The lines from the one containing "MSc Aeronautical &" through the last line below, both ends included, must be reproduced exactly, with no pictures.

* **Supplied material**
****

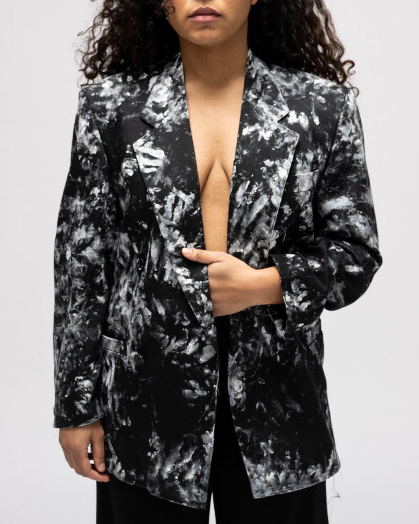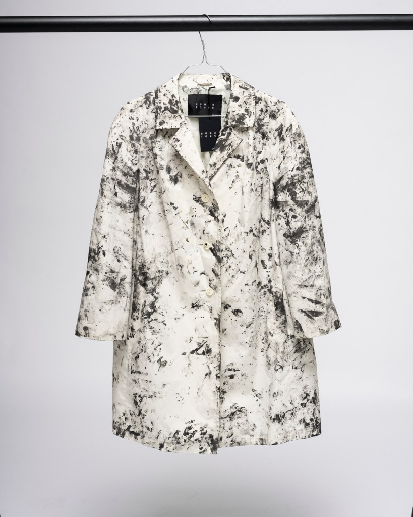 With this concept at its core, HUMAN TOUCH visualizes the human labor inherent to the production of clothing. Seger and her business partner, Christina Albrecht, up-cycle everyday, quotidian clothing items, like workwear slacks and T-shirts, with their fingers covered in ink. In doing so, HUMAN TOUCH makes visible the invisible human hand behind our clothes and the fashion industry at large.
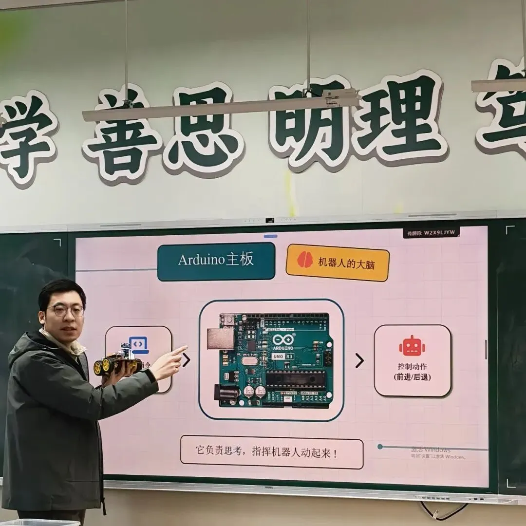 如果说Scratch打开了创造虚拟世界的大门,那么课程的第二部分—硬件编程Mixly,则真正将孩子们带入了现实的科技世界。当珺琦爸爸拿出Arduino智能机器人小车时,所有孩子的目光都被牢牢吸引。“这块绿色的板子就是机器人的大脑,叫做主板;这个像眼睛的是超声波传感器,可以测量距离;这些是轮子和电机,相当于它的腿;这个小喇叭是蜂鸣器,是它的嘴巴。”生动的比喻让孩子们立刻理解了智能小车上每个硬件的功能。
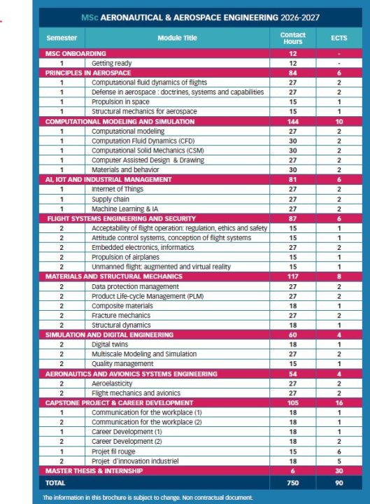 MSc Aeronautical & Aerospatial Engineering accredited by CGE – Conférence des Grandes Ecoles • 18 month programme • 90 ECTS • 2026-2027 Tuition fee 12900 € • Intake: January 2026
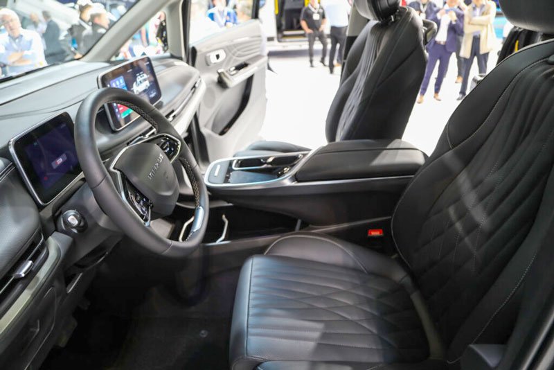 Dua pintu penumpang samping menganut sistem geser elektrik. Sementara pintu bagasinya bisa dibuka secara otomatis. MPV listrik premium ini pun menghadirkan power steering elektrik dan electronic parking brake (rem parkir elektronik).

****

* **Answer section**
 MSc Aeronautical & Aerospatial Engineering accredited by CGE – Conférence des Grandes Ecoles • 18 month programme • 90 ECTS • 2026-2027 Tuition fee 12900 € • Intake: January 2026
 Dua pintu penumpang samping menganut sistem geser elektrik. Sementara pintu bagasinya bisa dibuka secara otomatis. MPV listrik premium ini pun menghadirkan power steering elektrik dan electronic parking brake (rem parkir elektronik).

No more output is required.